> _What is required_
The data below should be transcribed in full, with no picture included.

> _The data_
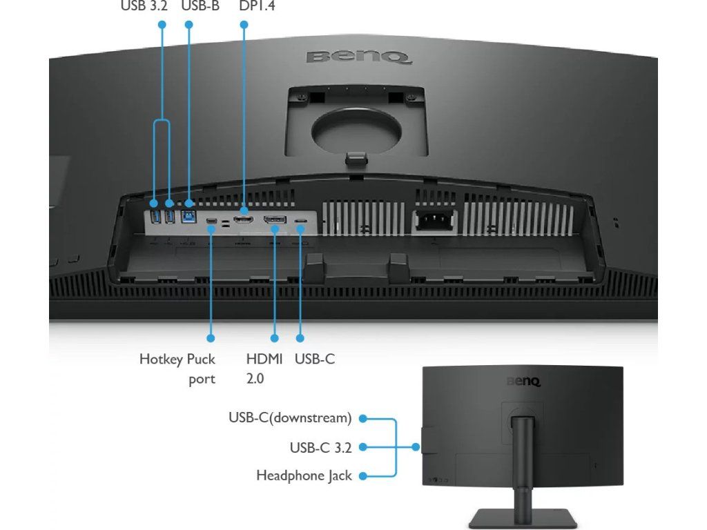 Součástí balení jsou kabely DisplayPort, HDMI, USB a USB-C a dálkový ovladač Hotkey Puck G2, který slouží k rychlému přepínání nastavitelných módů obrazu bez nutnosti vstupu do menu. Kromě několika funkčních tlačítek obsahuje tento ovladač také otočné kolečko, které umožňuje rychlou úpravu jasu, kontrastu nebo hlasitosti.
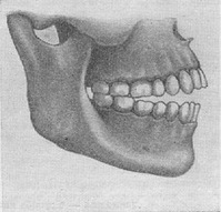 Прямий прикус - щипцеподібне співвідношення фронтальних зубів (рис. 1,3). Бипрогнатия - фронтальні зуби розташовані ножницеобразно і нахилені вперед, також вперед нахилені ділянки альвеолярних відростків.
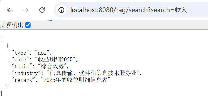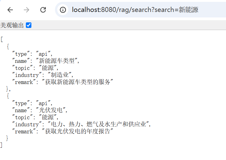 本文以智能搜索引擎场景,通过 RAG 技术,实现了全文搜索、模糊搜索、同义词推荐等功能,并以结构化的方式返回搜索结果。需要注意的是,在企业应用中,要把 SimpleVectorStore 改为成熟的第三方向量数据库,例如 milvus、elasticsearch、redis 等。
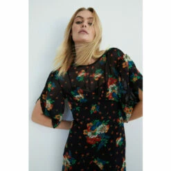 Warehouse Petite Floral Flippy Mock Neck Midi Dress For Female

> _Reply_
 Součástí balení jsou kabely DisplayPort, HDMI, USB a USB-C a dálkový ovladač Hotkey Puck G2, který slouží k rychlému přepínání nastavitelných módů obrazu bez nutnosti vstupu do menu. Kromě několika funkčních tlačítek obsahuje tento ovladač také otočné kolečko, které umožňuje rychlou úpravu jasu, kontrastu nebo hlasitosti.
 Прямий прикус - щипцеподібне співвідношення фронтальних зубів (рис. 1,3). Бипрогнатия - фронтальні зуби розташовані ножницеобразно і нахилені вперед, також вперед нахилені ділянки альвеолярних відростків.
 本文以智能搜索引擎场景,通过 RAG 技术,实现了全文搜索、模糊搜索、同义词推荐等功能,并以结构化的方式返回搜索结果。需要注意的是,在企业应用中,要把 SimpleVectorStore 改为成熟的第三方向量数据库,例如 milvus、elasticsearch、redis 等。
 Warehouse Petite Floral Flippy Mock Neck Midi Dress For Female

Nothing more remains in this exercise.